16. A proper approach to credibility requires an assessment of the evidence and of the general claim. These can consist of the internal consistency of the claim, the inherent plausibility of the claim and the consistency of the claim with external factors. It is theoretically correct that a claimant need do no more than state his claim but that claim still needs to be examined for consistency and inherent plausibility. The judge has in this case carried out such an exercise. It is necessary to remember that this is an appeal pursuant to Article 8 outside the Rules. It is only on that basis that the Appellant has succeeded. The judge has analysed the evidence and made findings of fact which she was fully entitled to.
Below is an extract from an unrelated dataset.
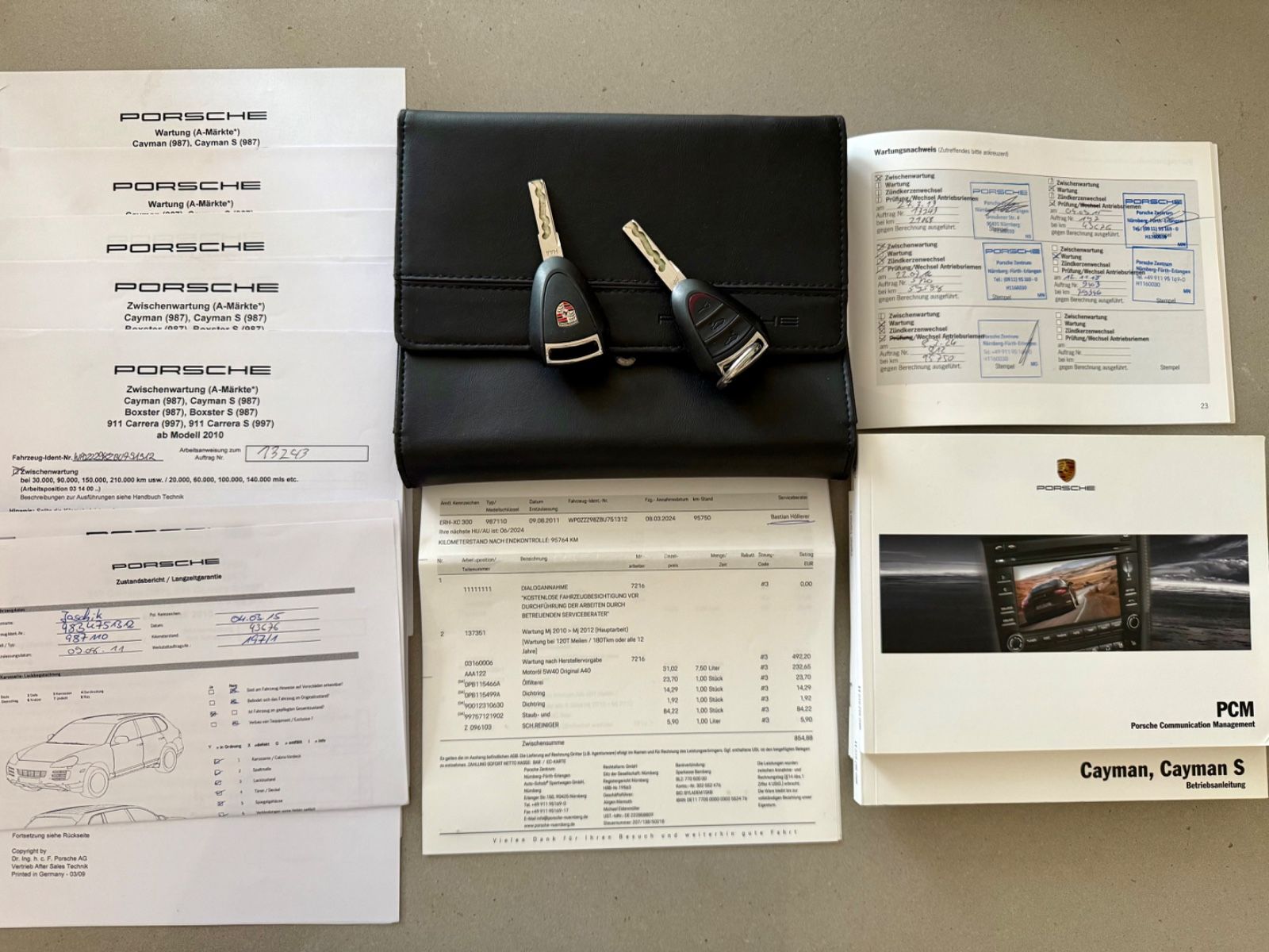 Wir dürfen nun hier einen Cayman 2.9 präsentieren, wie er sein soll: vor mehr als 11 Jahren erwarb der Eigentümer, ein senioriger Siemens-Ingenieur, das Fahrzeug im Porsche Zentrum Nürnberg als jungen Gebrauchten mit rund 30tkm. In diesem PZ wurde er nicht nur erstmal ausgeliefert, sondern auch bis heute ausschließlich gewartet (zuletzt eine Große Wartung in 2024 bei 95750 KM). Alle Wartungsberichte sind ebenso wie Bordmappe, Serviceheft und Schlüssel vorhanden, so wie es sein soll. Seinen Garagenplatz hat er sich mit einem Macan für die weniger sonnigen Tage des Lebens geteilt.

She has thereafter gone on to draw conclusions on the Appellant's asylum claim noting that the Appellant had not shown in his earlier appeal to the lower standard of proof that he had a well-founded fear of persecution when he left Afghanistan and draws conclusions which remain unchallenged that he cannot succeed on his asylum appeal, his appeal pursuant to Article 3 of the European Convention on Human Rights or his humanitarian protection claim.
17. The judge then goes on to consider the Appellant's claim pursuant to Article 8. It is these findings that are challenged. It is accepted that the Appellant cannot satisfy paragraph 276ADE of the Immigration Rules. It is thereafter that the judge has gone on to consider the position outside the Rules and to consider the principles outlined in Razgar [2004] UKHL 27. She has made findings by way of conclusions on proportionality at paragraphs 60 to 67 and has given further consideration to the authority of JS (Former Unaccompanied Child - Durable Solution) Afghanistan [2013] UKUT 00568 (IAC) and latterly gone on to consider the public interest in maintaining immigration control at paragraph 68. Whether another judge would have reached the same conclusion is always a moot point but this judge heard the evidence. She has carried out a thorough analysis and has set out her reasons in detail. She has made findings that she is entitled to and I agree with the submissions made by Mr Smyth that she has given ample reasons as to why the appeal was allowed under Article 8 and that it is not appropriate to overturn unchallenged findings. I acknowledge the point made by Mr Bramble that the decision may seem to be contrary to the views previously expressed on credibility particularly by Judge Malins but this is a detailed decision where full consideration of all the evidence including the previous facts have been taken into account. In such circumstances I am satisfied bearing in mind that the issue before me is whether or not there is an error of law in the finding that the Appellant's appeal should be allowed pursuant to Article 8 outside the Immigration Rules that there is no material error of law disclosed in the decision of the First-tier Tribunal Judge and in such circumstances the appeal of the Secretary of State is dismissed and the decision of the First-tier Tribunal is maintained.
Notice of Decision
The decision of the First-tier Tribunal discloses no material error of law and the appeal of the Secretary of State is dismissed and the decision of the First-tier Tribunal is maintained.
No anonymity direction is made.


Signed Date

Deputy Upper Tribunal Judge D N Harris


TO THE RESPONDENT
FEE AWARD
No application is made for a fee award and none is made.